No Mickey Mouse Microsoft migration: Walt Disney Studios utilising Azure for content workflows

Walt Disney Studios is looking to the cloud for new ways to create, produce and distribute its content – and the media behemoth has chosen Microsoft to help.

The companies have signed a five-year ‘innovation partnership’ which will see Disney utilise Microsoft’s Azure cloud platform to ‘help accelerate innovation at The Walt Disney Studios for production and post-production processes’ – or ‘scene to screen’, as the companies put it.

The partnership will be concentrated around Disney’s StudioLAB, a technology hub focused on ‘the art of storytelling with cutting-edge tools and methods’, including virtual reality (VR) and artificial intelligence (AI).

There is a third partner here in the shape of media technology firms Avid, with whom Microsoft already has a cloud alliance focused on putting together cloud-based media workflows around active backup, collaborative editing, and content archiving.

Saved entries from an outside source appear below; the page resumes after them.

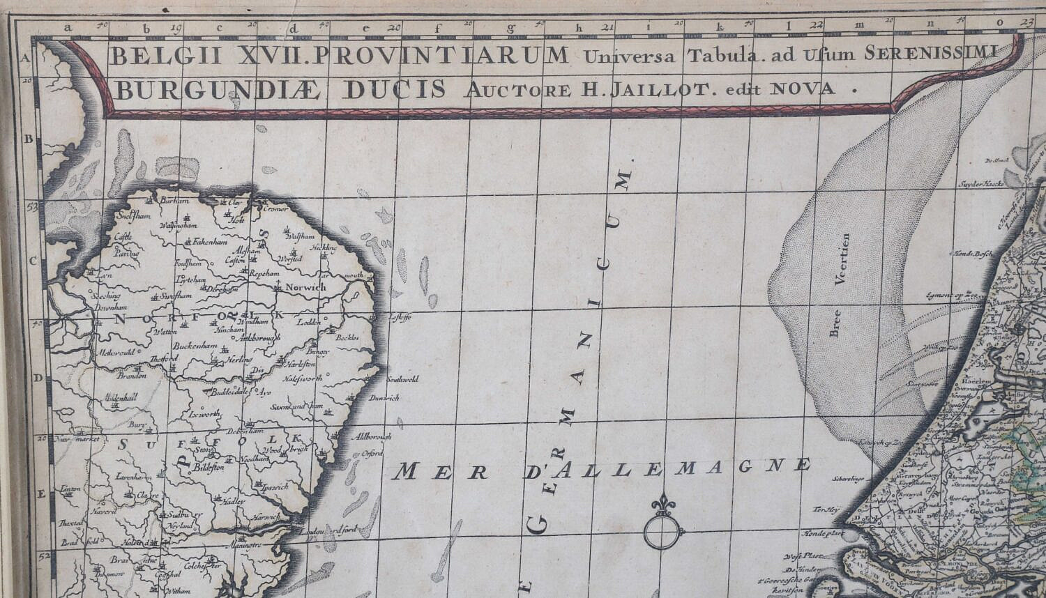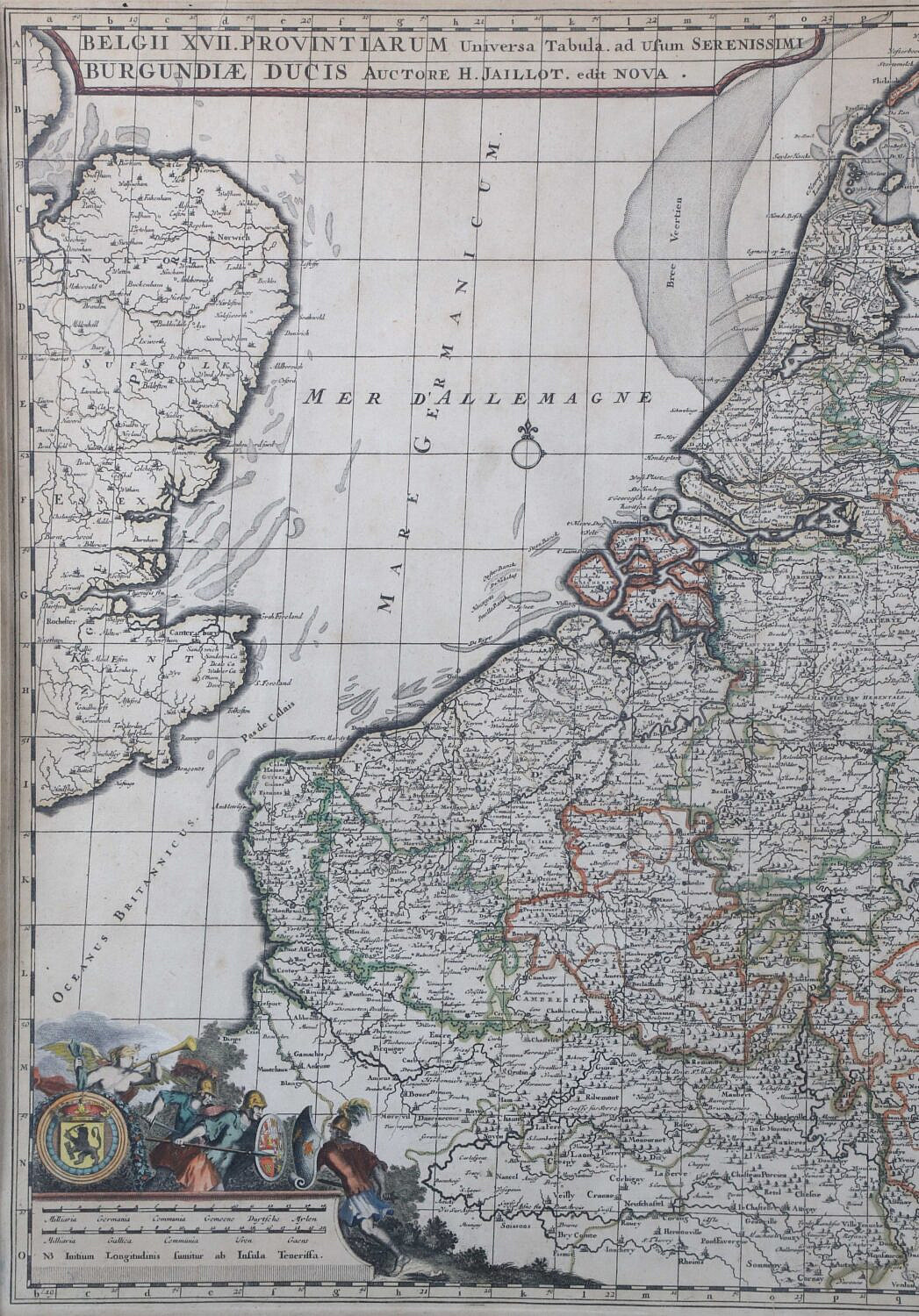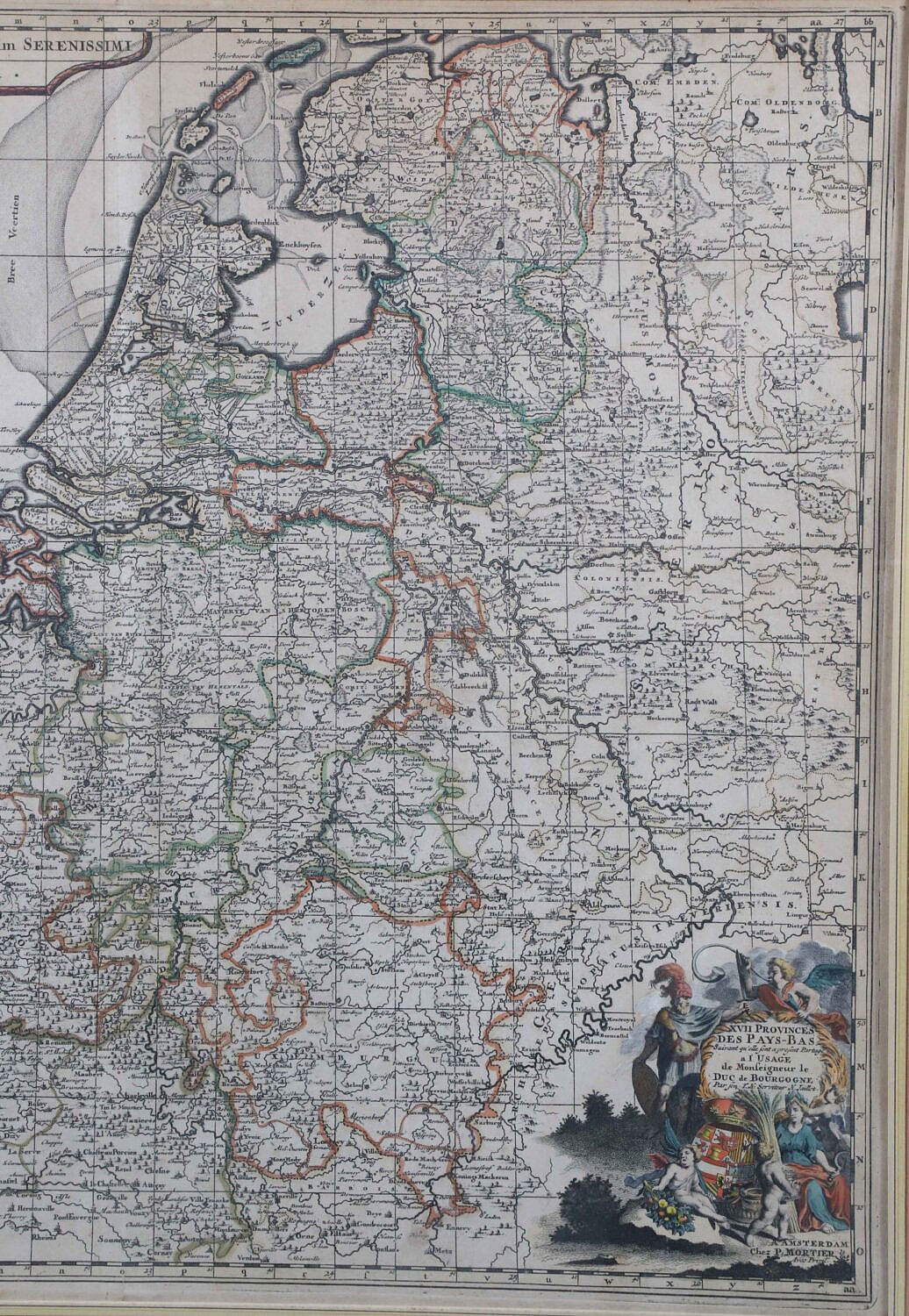 Hand Colored Historical Map of Amsterdam Created by Cartographer Alexis Hubert Jaillot, the map depicts the 17 Provinces that comprised the Dutch Republic and parts of modern day Belgium and Luxembourg at the time, published Jean Covens and Corneille Mortier, c. 1702, with two decorative cartouches, matted and framed
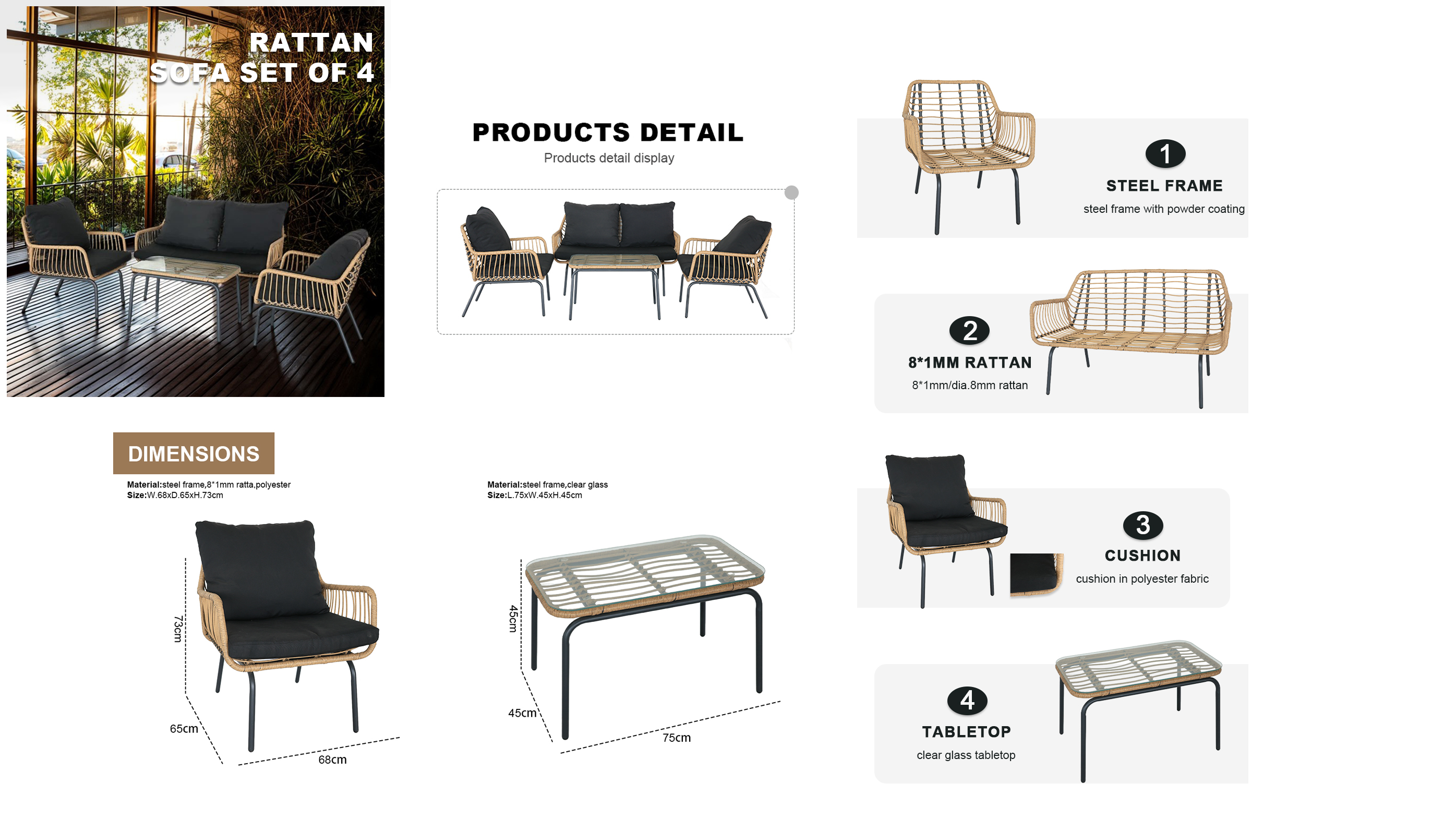 All Day Outdoor Steel 4 Seat Garden Sectional Sofa Sofa Furniture Rattan Outdoor Terrace Session Set
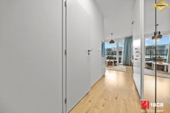 Byt sa nachádza na 5. poschodí, pričom jeho orientácia do tichého vnútrobloku zaručuje maximálne súkromie a pokoj od mestského ruchu. Interiér prešiel inteligentným plánovaním, vďaka čomu ponúka maximálnu efektivitu a dostatok úložného priestoru – od priestranného vstavaného šatníka na chodbe až po funkčnú TV stenu s odkladacím systémom.
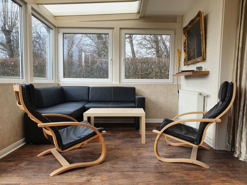 Das geräumige Wohnzimmer geht zum Wintergarten über. Vor dem Kamin auf der Couch haben Sie die Möglichkeit zu entspannen, ob beim Lesen, oder Fernsehen. Ein DVD-Player, sowie eine Spielekonsole (Wii) sind vorhanden, falls das Wetter vielleicht doch mal nicht so mitspielt. Auch finden Sie einige Bücher und Gesellschaftsspiele.
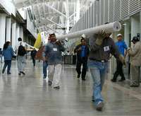 El resto, entre 60 y 70 operarios, fueron liquidados ayer por la tarde, y también sólo les pagaron parte del adeudo. Hay casos de soldadores, operadores de maquinaria pesada, tablarroqueros y colocadores de las láminas de la nave cóncava del último tramo del área nacional (donde se trabaja a más de 30 metros de altura sin cinturón de seguridad), que esperaban recibir entre 15 y 20 mil pesos por persona que se les adeudaban, sólo recibieron entre 5 y 6 mil pesos, según dijeron.

The companies are ‘demonstrating that the kinds of demanding, high-performance workflows the media and entertainment industry requires can be deployed and operated with the security offered by the cloud’.

The latter is a particularly important use case for media providers; NASCAR’s move to Amazon Web Services (AWS) back in June enabled it to launch an online archive feature, while Boston-based TV station WGBH utilised object storage provider Cloudian last year to dramatically reduce the time required to access its previously tape and disk drive-oriented archive.

“By moving many of our production and post-production workflows to the cloud, we’re optimistic that we can create content more quickly and efficiently around the world,” said Jamie Voris, Walt Disney Studios CTO. “Through this innovation partnership with Microsoft, we’re able to streamline many of our processes so our talented filmmakers can focus on what they do best.”

Kate Johnson, president of Microsoft US, said cloud usage has ‘reached a tipping point’ for the media industry. “With Azure as the platform cloud for content, we’re excited to work with the team at StudioLAB to continue to drive innovation across Disney’s broad portfolio of studios,” said Johnson.

This is by no means the first cloud initiative from the wider company; back in 2017, just in time for re:Invent, it was announced that The Walt Disney Company was utilising AWS as its preferred public cloud infrastructure provider.